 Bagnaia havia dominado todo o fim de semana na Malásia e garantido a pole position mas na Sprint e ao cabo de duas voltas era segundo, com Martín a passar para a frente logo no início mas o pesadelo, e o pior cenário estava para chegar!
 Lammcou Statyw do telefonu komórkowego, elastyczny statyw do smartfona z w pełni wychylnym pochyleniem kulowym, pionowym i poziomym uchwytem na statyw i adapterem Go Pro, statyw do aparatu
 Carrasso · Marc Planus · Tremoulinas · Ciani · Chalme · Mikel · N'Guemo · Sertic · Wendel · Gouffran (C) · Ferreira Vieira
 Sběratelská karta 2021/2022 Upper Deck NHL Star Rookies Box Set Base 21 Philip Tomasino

--------------------------------------------------

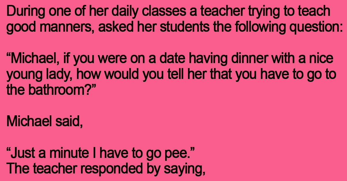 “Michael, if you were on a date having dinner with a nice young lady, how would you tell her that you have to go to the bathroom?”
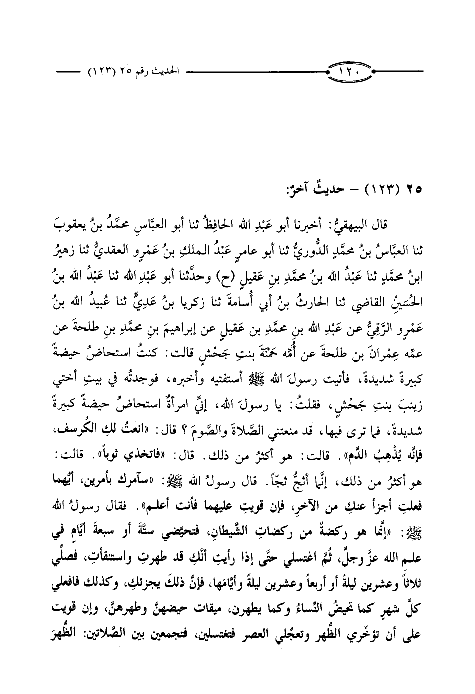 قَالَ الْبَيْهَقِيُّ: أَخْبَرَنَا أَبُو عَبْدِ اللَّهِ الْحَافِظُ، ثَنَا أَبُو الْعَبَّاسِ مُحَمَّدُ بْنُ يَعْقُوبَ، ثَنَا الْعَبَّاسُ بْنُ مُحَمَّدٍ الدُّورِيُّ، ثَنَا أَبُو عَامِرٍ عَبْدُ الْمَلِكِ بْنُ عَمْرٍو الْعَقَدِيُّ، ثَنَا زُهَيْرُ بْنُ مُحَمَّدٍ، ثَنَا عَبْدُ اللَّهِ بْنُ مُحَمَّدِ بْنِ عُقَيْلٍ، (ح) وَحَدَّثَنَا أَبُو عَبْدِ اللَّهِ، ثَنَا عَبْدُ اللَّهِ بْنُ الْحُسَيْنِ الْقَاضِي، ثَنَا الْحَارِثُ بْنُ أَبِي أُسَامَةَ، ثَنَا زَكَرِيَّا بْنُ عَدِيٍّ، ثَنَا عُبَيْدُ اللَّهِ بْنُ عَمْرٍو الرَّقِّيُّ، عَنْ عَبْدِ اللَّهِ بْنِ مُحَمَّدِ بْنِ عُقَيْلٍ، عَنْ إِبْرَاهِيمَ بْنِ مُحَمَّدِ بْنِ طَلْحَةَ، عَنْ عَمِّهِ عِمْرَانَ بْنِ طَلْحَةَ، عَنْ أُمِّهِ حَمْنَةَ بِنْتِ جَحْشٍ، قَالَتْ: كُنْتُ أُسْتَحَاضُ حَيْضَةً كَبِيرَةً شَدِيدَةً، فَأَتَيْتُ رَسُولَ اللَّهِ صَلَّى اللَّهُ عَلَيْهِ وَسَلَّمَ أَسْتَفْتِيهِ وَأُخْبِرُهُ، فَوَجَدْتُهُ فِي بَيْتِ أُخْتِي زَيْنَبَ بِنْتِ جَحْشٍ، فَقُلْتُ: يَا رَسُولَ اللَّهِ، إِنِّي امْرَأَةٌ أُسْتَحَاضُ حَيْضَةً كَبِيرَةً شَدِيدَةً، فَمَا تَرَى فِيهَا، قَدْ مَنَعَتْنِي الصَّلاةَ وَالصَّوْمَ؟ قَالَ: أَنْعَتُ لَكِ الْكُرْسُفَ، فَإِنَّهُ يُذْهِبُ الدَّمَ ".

--------------------------------------------------

Each line in the entries above, starting at the line with "Bagnaia havia dominado" and ending at the line with "Sběratelská karta 2021/2022", is to be printed exactly, and only those lines.

 Bagnaia havia dominado todo o fim de semana na Malásia e garantido a pole position mas na Sprint e ao cabo de duas voltas era segundo, com Martín a passar para a frente logo no início mas o pesadelo, e o pior cenário estava para chegar!
 Lammcou Statyw do telefonu komórkowego, elastyczny statyw do smartfona z w pełni wychylnym pochyleniem kulowym, pionowym i poziomym uchwytem na statyw i adapterem Go Pro, statyw do aparatu
 Carrasso · Marc Planus · Tremoulinas · Ciani · Chalme · Mikel · N'Guemo · Sertic · Wendel · Gouffran (C) · Ferreira Vieira
 Sběratelská karta 2021/2022 Upper Deck NHL Star Rookies Box Set Base 21 Philip Tomasino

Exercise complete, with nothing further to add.